# Seiki Blu-ray player any good?



## puma99dk| (May 31, 2017)

I am looking for a stand-alone blu-ray since all for pc is locked and can only be change region like 5times or so on Windows 10 I was thinking if a stand-alone for the tv was better, not going any surround or so only speakers from the tv.

I fell over this Seiki U Vision Ultra HD 4K UPSCAL Blu-ray player model *SR4KP1 *on ebay it's said to be region free/multi region: http://www.ebay.co.uk/itm/SEIKI-U-V...080933?hash=item3f74a79b25:g:SZAAAOSwImRYj43S
http://www.ebay.co.uk/itm/SEIKI-U-V...080933?hash=item3f74a79b25:g:SZAAAOSwImRYj43S
So I wonder if anyone know the brand and maybe the model or can tell me if the same priced LG or smth will be able to do the same since I got some US/JP Blu-ray I would like to see from time to time.


----------



## JunkBear (May 31, 2017)

What country are you from? Usually I suggest older blurays because they have a code to make it international and they are not filled with softwares like Netflix, Youzu and many other channels stuff thats gonna become useless when thé dvd maker and the software like it happened in Sony with Facebook or LG with Youtube


----------



## puma99dk| (May 31, 2017)

JunkBear said:


> What country are you from? Usually I suggest older blurays because they have a code to make it international and they are not filled with softwares like Netflix, Youzu and many other channels stuff thats gonna become useless when thé dvd maker and the software like it happened in Sony with Facebook or LG with Youtube



this Seiki doesn't have ethernet or wireless so I don't believe it has Netflix and more available.
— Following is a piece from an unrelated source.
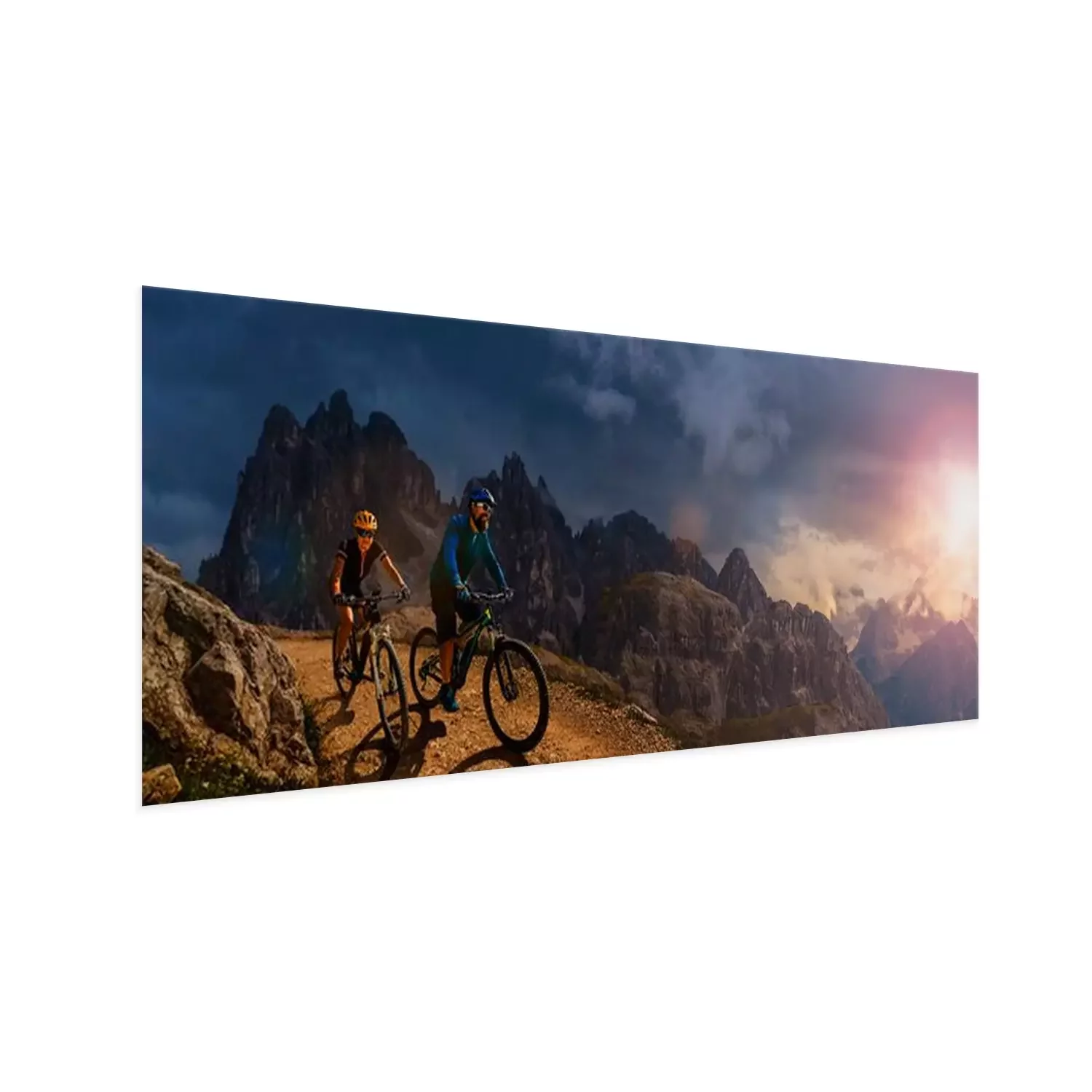 Cycling woman and man riding on bikes in Dolomites mountains landscape. Couple cycling MTB enduro trail track. Outdoor sport activity.

I am in the EU region, but I still import anime and movies from Japan and US.


----------



## JunkBear (May 31, 2017)

If you dont mind ordering older blueray but new stock I would suggest LG BD-550 or BD-551. Its only YouTube, Picasa and Accuweather inside. YouTube doesnt work anymore but the weather yes and Picasa i guess so bécause they belongs to Google. Its à larger model but slim and you have à front usb port to watch what you want. I have this model and I removed permanently the area limits. Just followed YouTube.


----------